Туманная фигура моей сиделки исчезает. Через минуту, если я не остановлю ее, женщина, которую я так хочу увидеть, уйдет из комнаты.
— Пожалуйста, не уходите, — говорю я, — могу ли я беспокоить вас такой безделицей? Слуга придет, если я позвоню.
Она останавливается, туманнее прежнего, на половине дороги между постелью и дверью и отвечает несколько грустно:
— Питер не отдернет занавеси, пока я здесь. Он задернул их по моему приказанию.
Этот ответ привел меня в недоумение. Для чего Питеру держать комнату в темноте, пока здесь мисс Денрос? Разве у нее слабое зрение? Нет, если бы ее глаза были слабы, она носила бы зонтик. Как ни темно, я могу видеть, что она не носит зонтика. Для чего комнату сделали темной — если не для меня? Я не могу отважиться задать этот вопрос — я могу только извиниться надлежащим образом.
— Больные думают только о себе, — сказал я, — я полагал, что вы по доброте своей задернули занавеси для меня.
Она подошла к моей постели прежде, чем заговорила. Ответила же она этими удивительными словами:
— Вы ошибаетесь, мистер Джермень. Вашу комнату сделали темной не для вас, а для меня.
Глава IX
КОШКИ
Мисс Денрос привела меня в такое недоумение, что я не знал, как мне продолжать разговор.

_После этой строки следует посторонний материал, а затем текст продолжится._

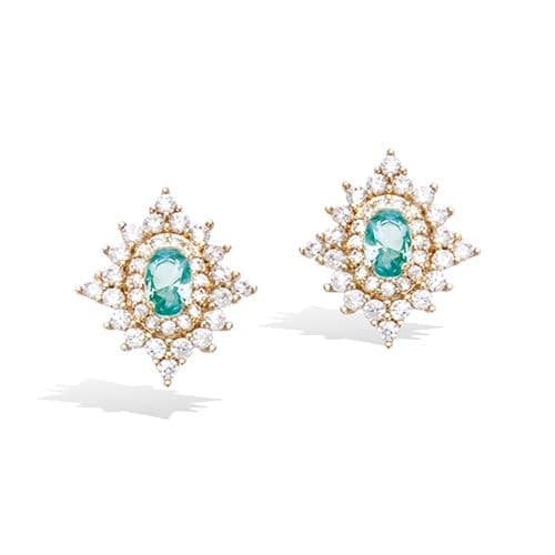 Boucle oreille étoile scintillante avec verre couleur verte plaqué or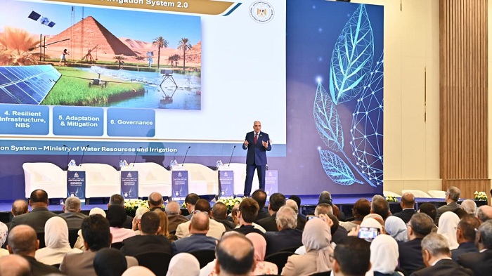 وقام الدكتور سويلم بتقديم عرض تقديمى يستعرض أبرز محاور ومستهدفات الجيل الثانى لمنظومة الرى المصرية 2.0 ، حيث تم التوسع فى معالجة وإعادة إستخدام مياه الصرف الزراعى، ويتم دراسة الإعتماد على محطات معالجة لامركزية لمعالجة مياه الصرف الزراعى على امتداد شبكة المصارف الزراعية .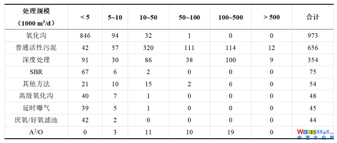 表1 不同處理規(guī)模下的處理工藝分類(lèi)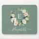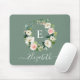 Modern Elegant Watercolor Pink Floral Wreath Mouse Pad includes pink roses, white flowers and beautiful botanical greenery. Sage Green Background. Personalized with your monogram initial and name in a Stylish script.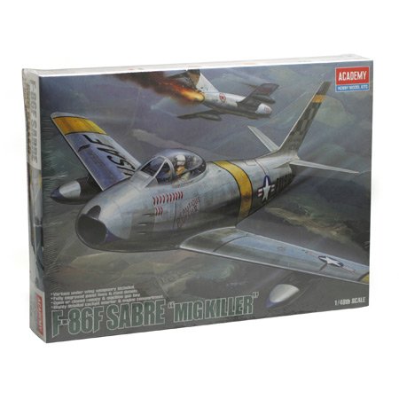 The F-86 saw extensive use during the Korean War, where it was matched up against the feared Soviet designed MiG-15. First flown on October 1, 1947, the F-86 was intended for use as a dive bomber or an escort fighter. A powerful thrust afterburning General Electric J47-GE-17B powerplant, capable of producing 7,500lb of thrust, gave the Sabre the ability to fly at speeds in excess of Mach 1. Combat experience quickly pointed out the Sabre's limited maneuverability, and the F-86F, with new redesigned and lengthened 6-3 wings, was developed. This new version, combined with the superior training and experience of American pilots, allowed the F-86 to regain control of the Korean skies and maintain an enormous advantage over the MiG-15. Kit features: Fully engraved panel lines & rivet details; Highly detailed cockpit interior & engine compartment; Open or closed canopy & machine gun bay; and Various under-wing weaponry included.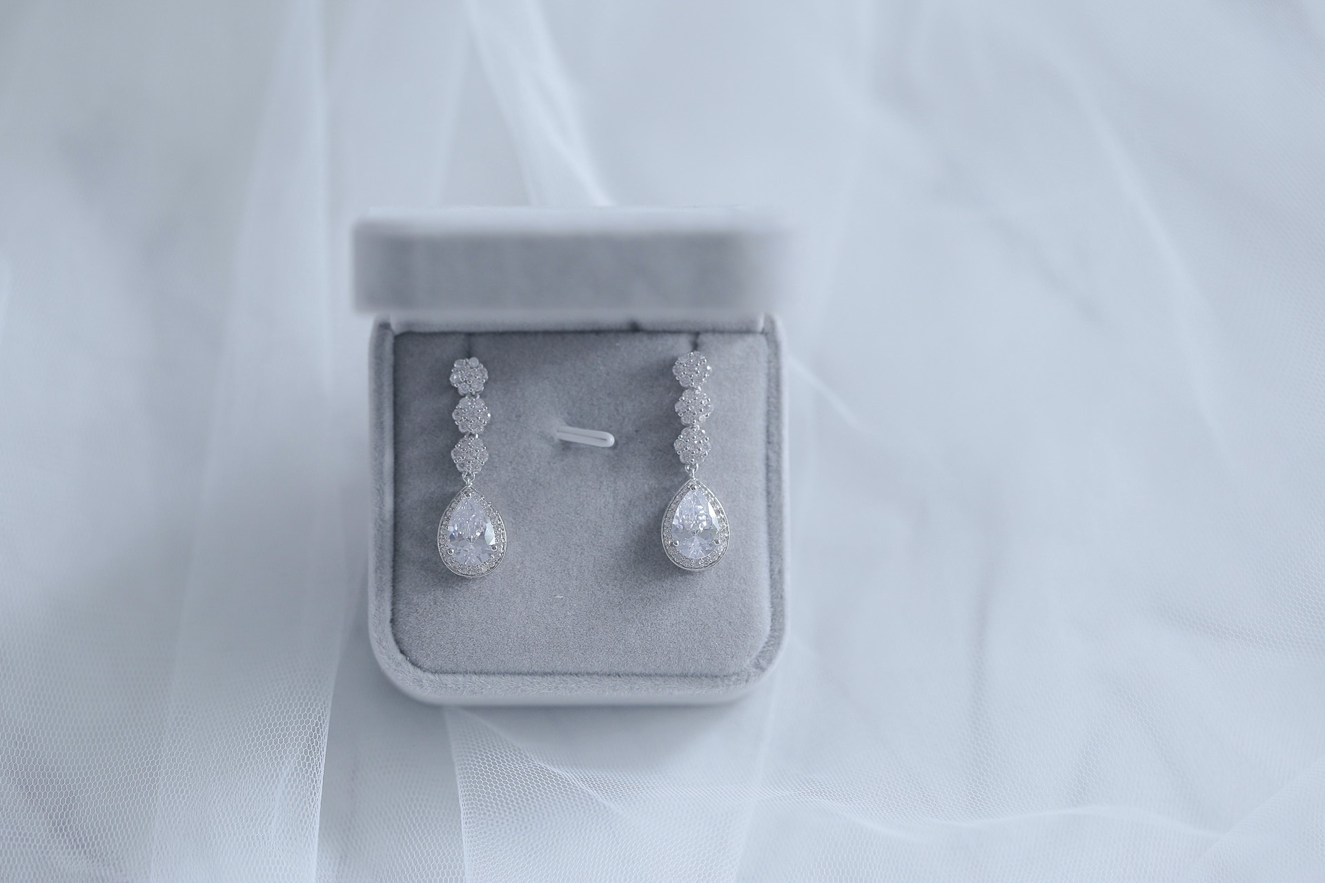 Pear Bouquet Earrings – Rhodium White Gold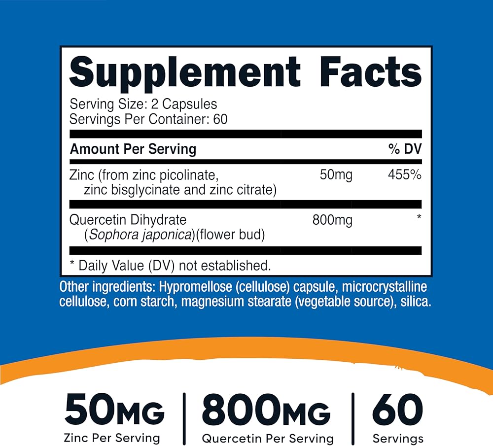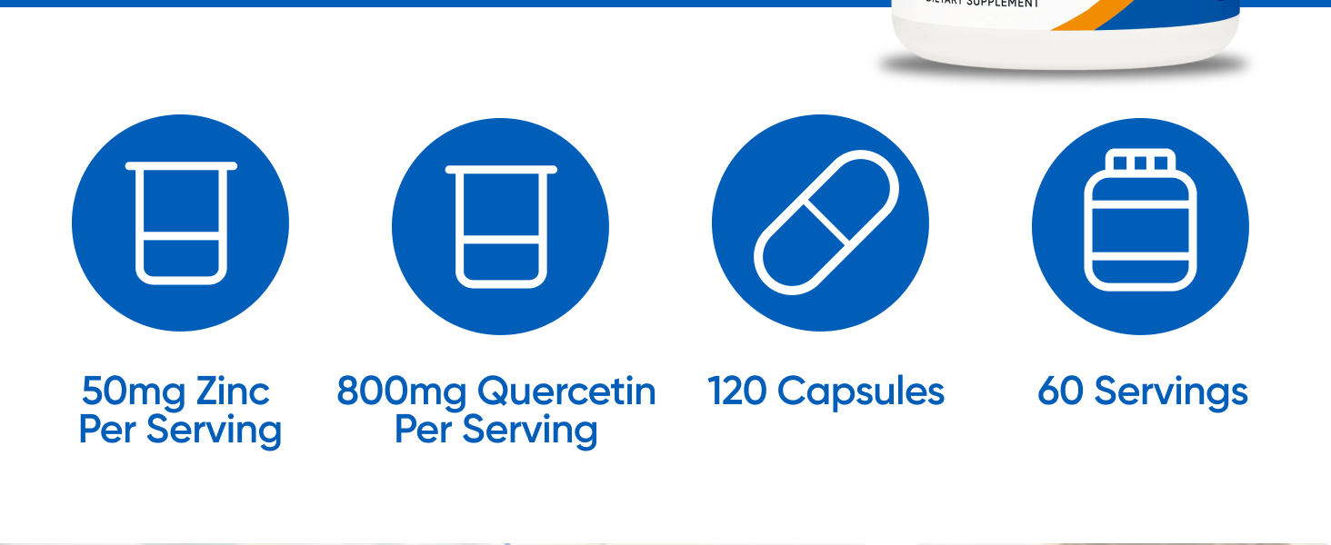 - يوفر 50 ملجم من الزنك و800 ملجم من الكيرسيتين لكل وجبة للحصول على دعم يومي بسيط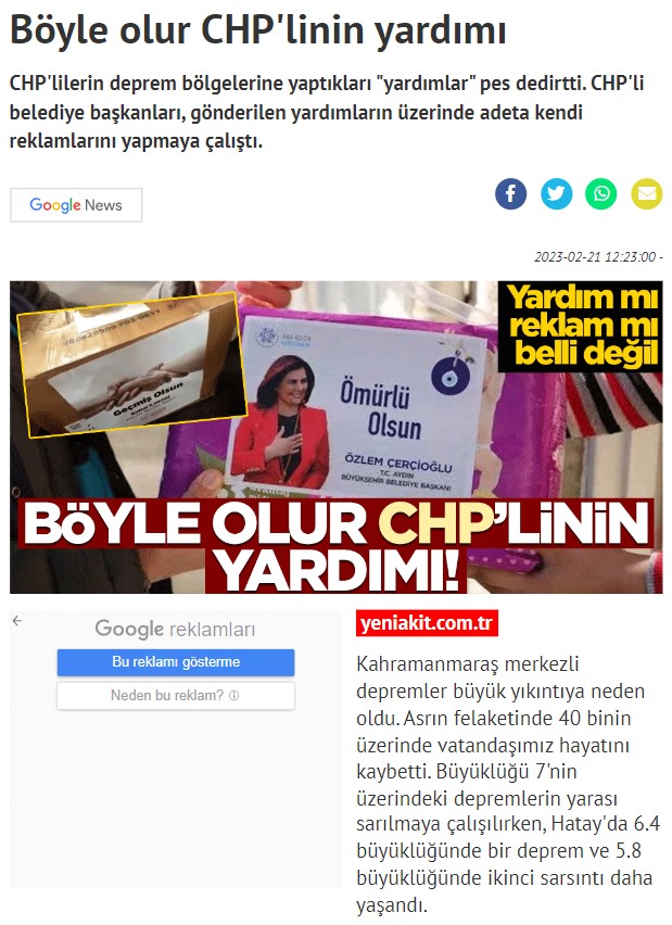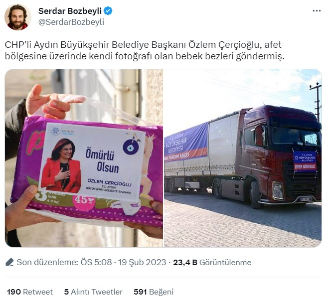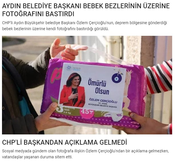 Geçtiğimiz gün sosyal medyada ve bazı haber platformlarında, Aydın Büyükşehir Belediye Başkanı Özlem Çerçioğlu‘nun sözde depremzedelere gönderilecek olan bazı ihtiyaç malzemelerinin üstüne kendi fotoğrafını koyduğu iddia edildi.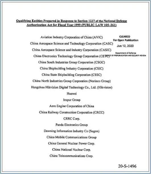 而这显然是一个组合拳。就在此前6月25日,美国国防部公布了一个名单,将包括华为、浪潮、海康威视、中航等20家中国顶尖企业列为中国军方“拥有或控制”。这意味着,这些企业可以随时被总统进行制裁。这一名单由美国国防部起草,已被提交至国会。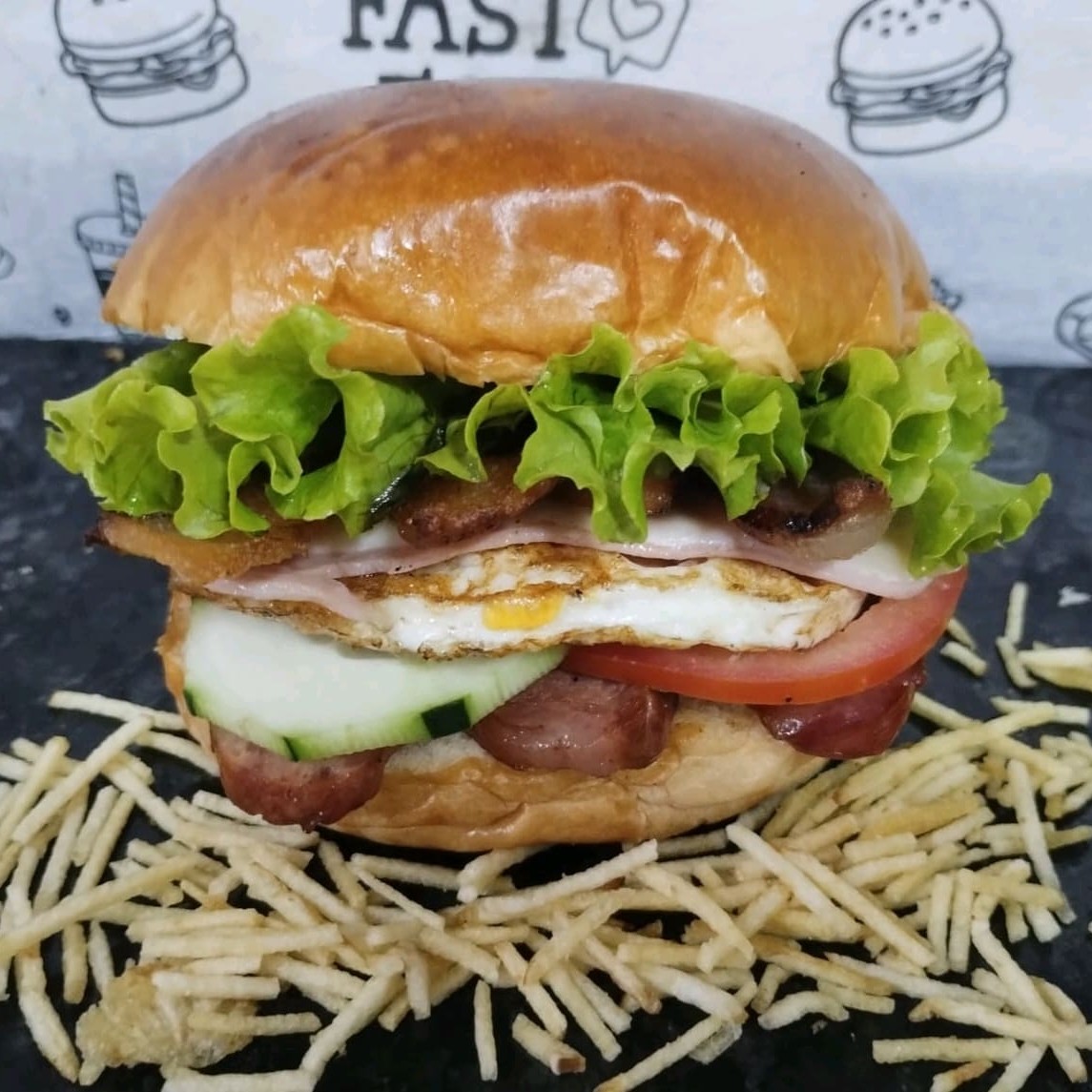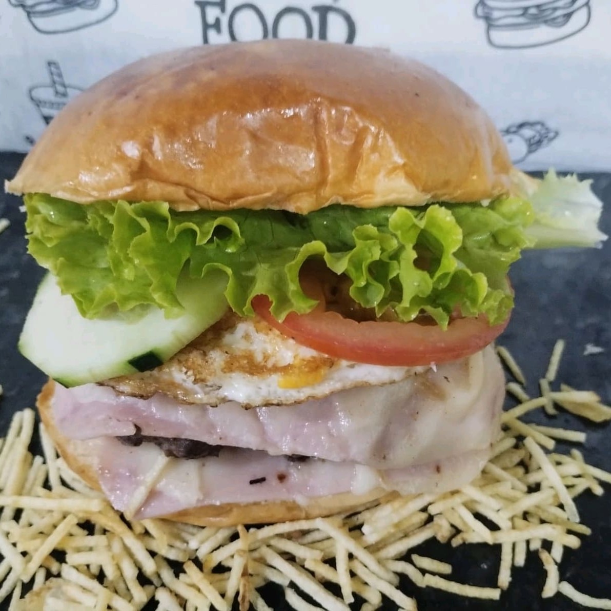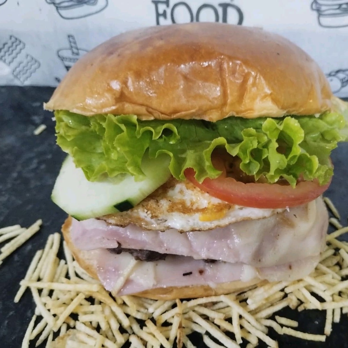 Pão, carne 120gm,ovo, queijo, presunto, salada, batata palha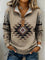 Aztec Print Casual Half-zip Cotton Sweatshirt
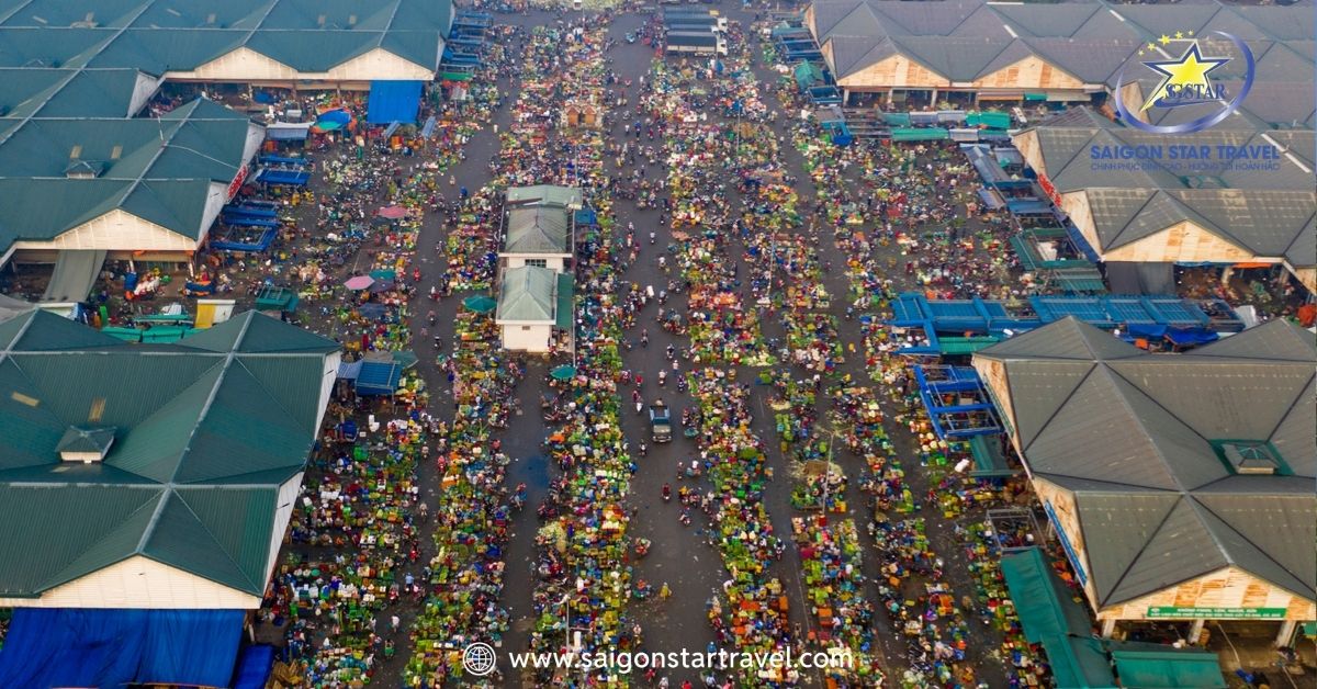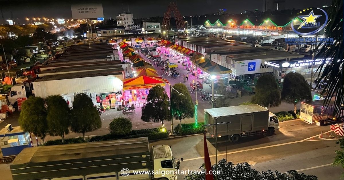 Tọa lạc tại số 141 Quốc lộ 1A, phường Tam Bình, TP. Thủ Đức, chợ đầu mối Thủ Đức là một trong những chợ đầu mối nông sản lớn nhất TP.HCM, đóng vai trò trung tâm phân phối trái cây, rau củ, nông sản tươi sống cho toàn thành phố và các tỉnh lân cận. Với diện tích hơn 20ha, quy mô gần 1.600 sạp hàng và lượng hàng hóa tiếp nhận mỗi ngày lên đến 2.800 – 3.500 tấn, chợ hoạt động 24/24, nhộn nhịp nhất từ 22h đêm đến 5h sáng hôm sau. Không chỉ nổi bật về giá sỉ cạnh tranh (rẻ hơn thị trường 10–20%), nơi đây còn có hệ thống giao hàng chuyên nghiệp bằng xe tải, ba gác, phù hợp cho cả nhà hàng, chợ nhỏ lẻ và các đại lý lớn. Hãy tìm hiểu bài viết này cùng Saigon Star Travel nhé!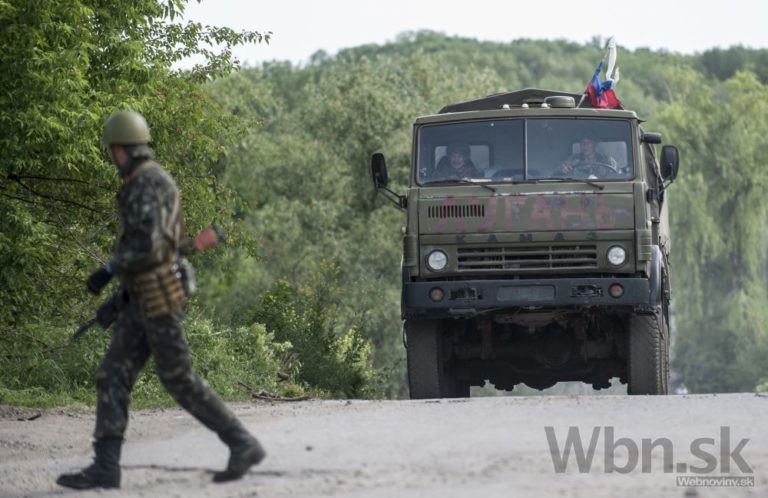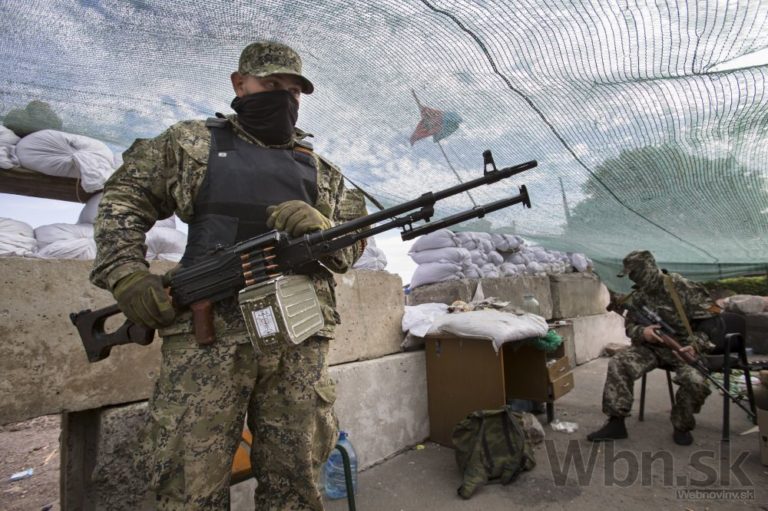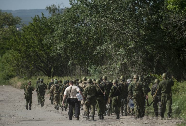 Proruskí miestni rezidenti kráčajú na svoje pozície počas bojov v Luhanskej oblasti. Pri ozbrojených stretoch neďaleko Donecku prišlo o život až sedemnásť ukrajinských vojakov. Mnohí ďalší utrpeli zranenia. Strety zaznamenali aj v susednej Luhanskej oblasti, obete na životoch však zatiaľ nehlásia. Foto: SITA/AP

Спросить ее просто, почему было необходимо держать комнату в темноте, пока она тут, было бы (по моему крайнему разумению) поступить чрезвычайно грубо. Выразить ей сочувствие в общих выражениях, решительно не зная обстоятельств, значило бы, может быть, поставить нас обоих в затруднительное положение в самом начале знакомства. Я мог только просить, чтобы комнату оставили так, как она была, и предоставить самой мисс Денрос оказать мне доверие или нет, как ей заблагорассудится.
Она поняла очень хорошо, о чем я думал. Сев на стул в ногах постели, она просто и откровенно рассказала мне тайну темной комнаты.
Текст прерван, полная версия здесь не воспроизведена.